In recent years, W&DW had been encouraged by Chinese Government moves to strengthen copyright laws including the signing of the WIPO Performers’ Rights Treaty in June 2012 which represented a major benchmark for the audio-visual sector. The Chinese Government were taking significant steps to amend copyright laws and adopt an approach that took into account the interests of creators. The proposed Chinese copyright amendments, discussed below, were expected to significantly improve the rights of remuneration for audio-visual creators.
Authors Rights and Collective Management
CISAC’s Global Collections Report 2014 released in October 2015 showed a return to growth for 2014 with royalties increasing by 2.8 percent to €7.9 billion collected on behalf of creators2. For audio-visual creators, the second largest repertoire, €499 million was collected in 2014 representing 5.2 percent growth. However, this was dwarfed by €6.9 billion for music. The reasons were due to the lack of harmonised rights (who is recognised as an author, which rights are granted to authors and can these rights be assigned?) and the structural level of collective management for the audio-visual sector.
W&DW advocates for stronger rights for creators that are inalienable. Oron’s view was that what is needed is an internationally harmonised, right of fair remuneration which is unassignable. Collective management is essential because it ensures strength in authors’ negotiating positions, particularly against the power of producers, broadcasters and digital platforms.

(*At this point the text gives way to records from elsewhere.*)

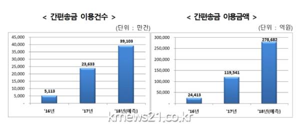 금융감독원이 14일 발간한 ‘전자금융업자의 간편 송금 거래 현황 및 시사점’ 자료에 따르면 지난해 간편 송금업 이용금액은 총 11조9541억원으로 2016년(2조4413억원)보다 389.7% 급증했다.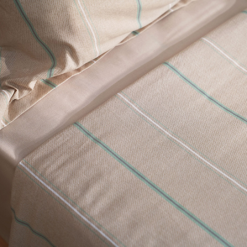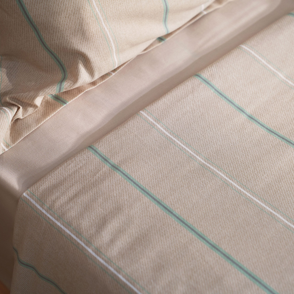 Complete Bed, 3 piece sheet set made from 100% cotton with a thread count of 144. Includes: top sheet, pillowcase and fitted bottom sheet for a maximum mattress height of 31 cm. The cotton fabric is breathable, hypoallergenic and soft to the touch. It provides coolness on summer nights and warmth on cold nights. This product is Oeko-Tex 100 certified, which proves that any harmful substances have been removed during the production process and that it is safe for human health. The modern and cosy fabric prints will give your bedroom a new look. Made in Portugal.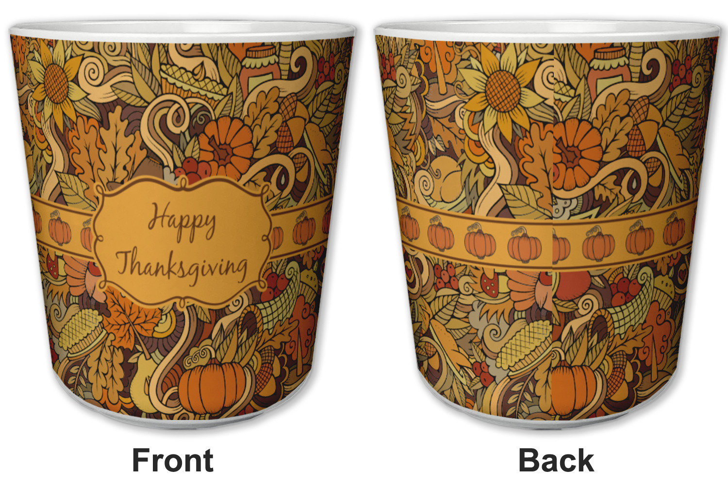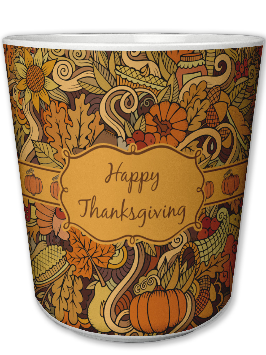 This beautiful thanksgiving design is hand drawn and includes many thanksgiving as well as fall traditions. The design colors represent all the beautiful fall colors of brown and orange. We have this pattern available to you in two colors - one is in the classic fall colors of browns and oranges, while the other background is brighter and also includes more reds and greens. We have chosen to use the more classic colors - however, it is super easy to make the change in our customization system.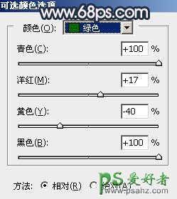 1、打开原图素材大图,创建可选颜色调整图层,对绿色进行调整,参数及效果如下图。这一步把图片中的绿色转为青色,并调暗一点。

In the digital sector, internationally there had been growth of 20 percent in 2014 for the use of online content. However, collections from digital services accounted for only 6.5 percent of the global royalties around the world. Described as “alarming”, 99 percent of those come from music repertoire with less than 1 percent for audio-visual content3. The solution proposed was to enforce stronger rights and a stronger network of collection for authors.
Fair Remuneration for Authors
In Beijing, Yves Nilly, President of W&DW launched the joint W&DW campaign “What If Screenwriters & Directors Were Fairly Remunerated?” to introduce an unassignable, unwaivable right to remuneration for screenwriters and directors worldwide. It aims to be a positive campaign with zero blame, educate readers on the threat to authors’ livelihoods and demonstrate the contribution that authors make both culturally and economically. The campaign for authors focuses on key planks of respect and cultural diversity.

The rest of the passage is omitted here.